RSV- and HPIV1-neutralizing serum antibody responses induced by rHPIV1-C^Δ170-RSV F vectors. Additional hamsters (n = 6 per group) were immunized as described in Fig. 7, and serum samples were collected on day 28 postimmunization. RSV-neutralizing antibody titers were determined by a PRNT₆₀ performed on Vero cells at 37°C with (A) or without (B) added guinea pig complement. The height of each bar represents the log₂ mean titer ± the SEM with mean values shown numerically above each bar. The values of individual animals are shown as dots. The LOD is indicated with a dotted line.

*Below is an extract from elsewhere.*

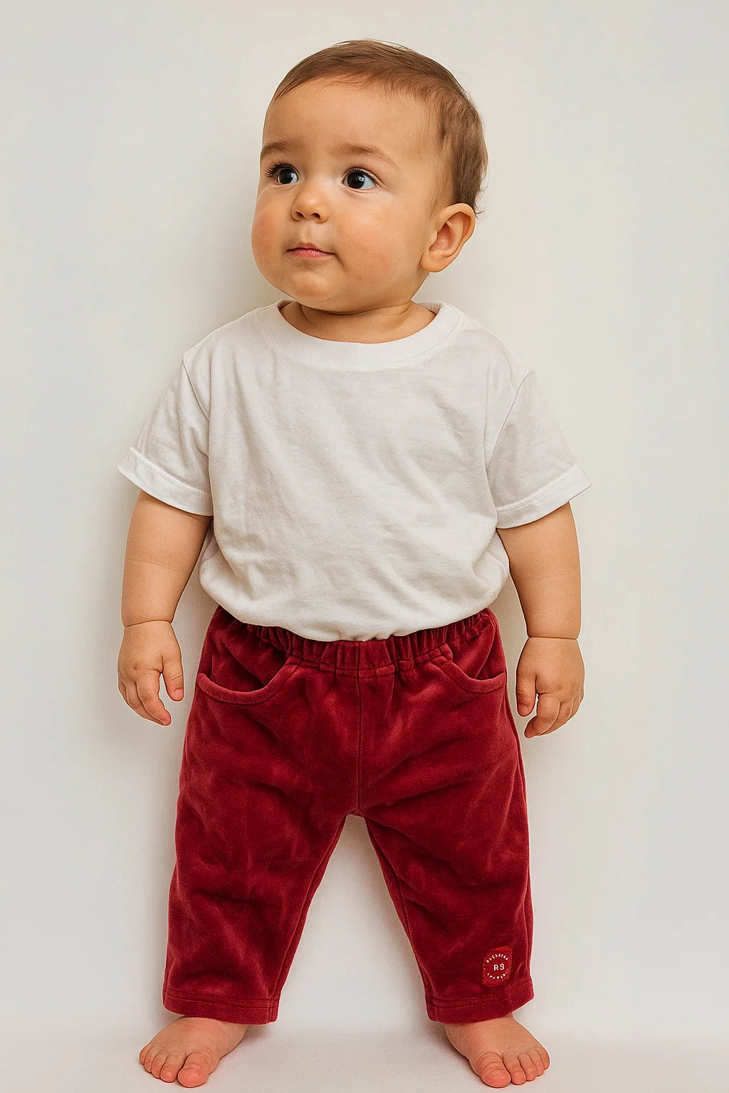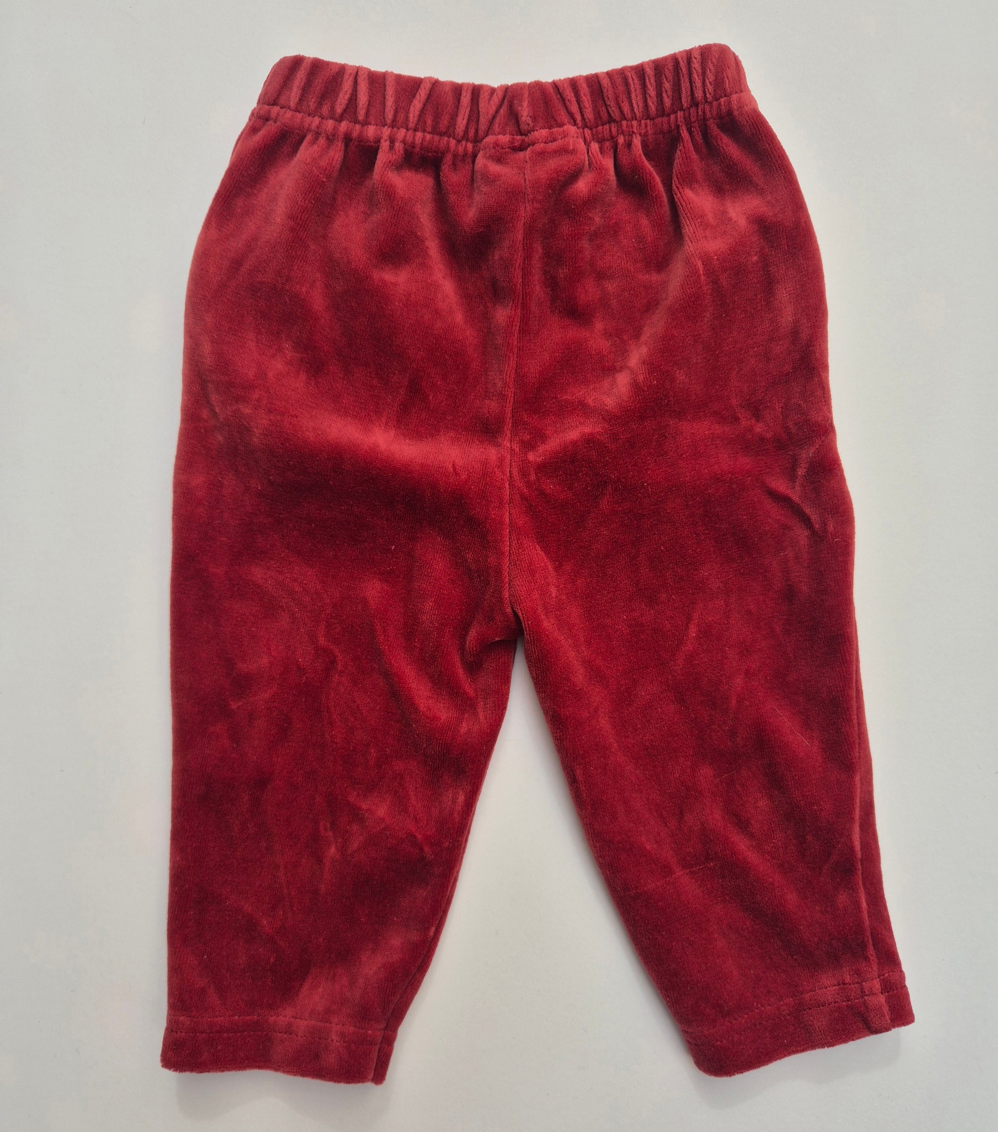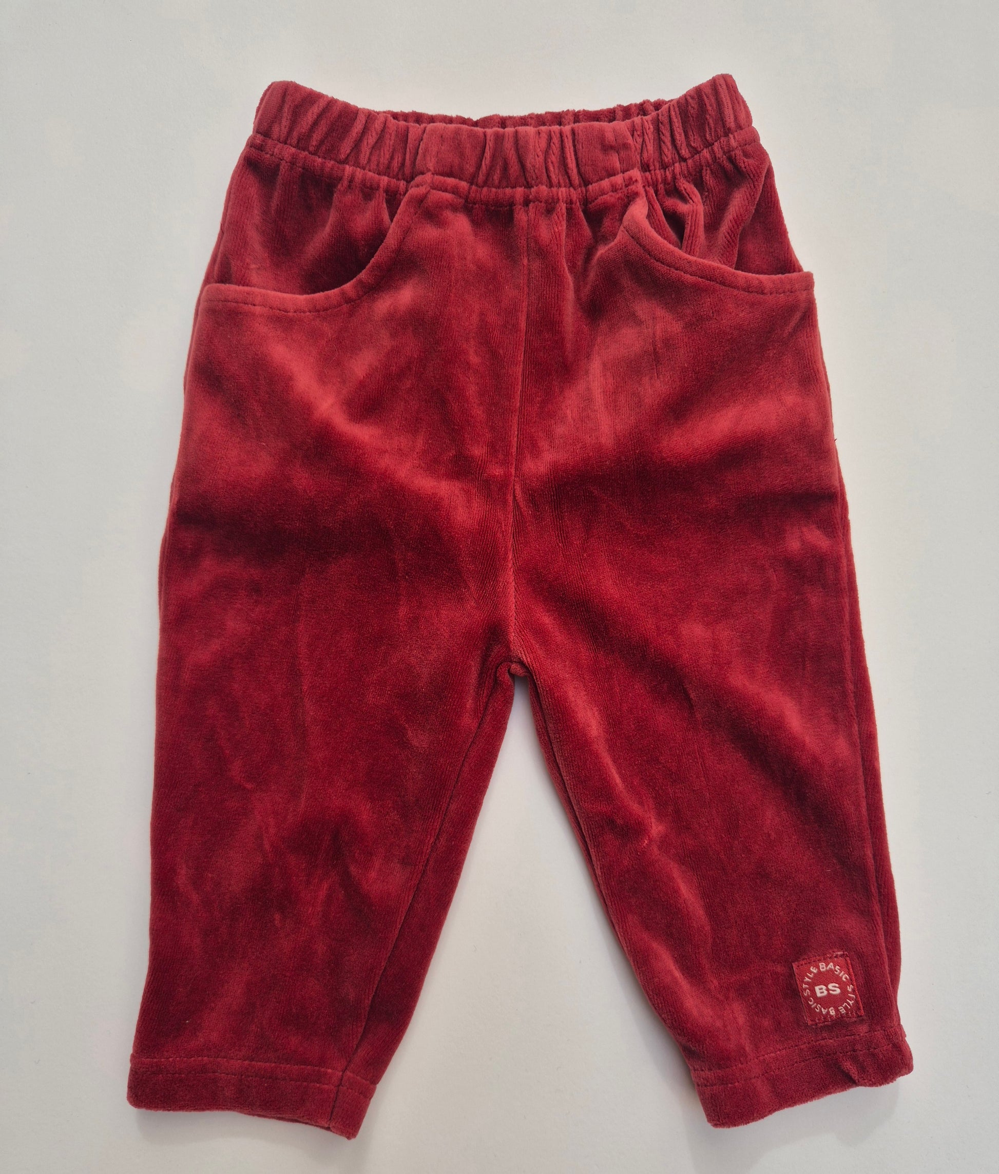 Warme en zachte vintage broek in diep rood velours, met elastische taille en zakjes.

The statistical significance of the differences between individual groups and wt RSV was determined as described for Fig. 3 (***, P < 0.001; ****, P < 0.0001; ns, not significantly different [P > 0.05]). (C) HPIV1-neutralizing serum antibody titers were determined by PRNT₆₀ performed on Vero cells at 32°C without guinea pig complement. The values represent means ± the SEM.

FIG 9

Protection against wt RSV challenge. The immunized hamsters (n = 6 per group) from the experiment described in Fig. 8 were challenged i.n. on day 30 postimmunization with 10⁶ PFU of wt RSV in a 100-μl inoculum. On day 3 postchallenge, the hamsters were euthanized, and nasal turbinates (A) and lungs (B) were collected. The virus load in tissue homogenates was determined by RSV plaque titration on Vero cells at 37°C. Each dot represents the RSV titer for an individual hamster. The mean titer of each group is shown as a horizontal line and also is indicated numerically on the top. The LOD was 1.7 log₁₀ PFU/g of tissue, indicated by a dotted line. The statistical significance of the difference between each group, and the rHPIV1-C^Δ170 empty vector was determined as described for Fig. 3 (**, P < 0.01; ns, not significantly different [P > 0.05]).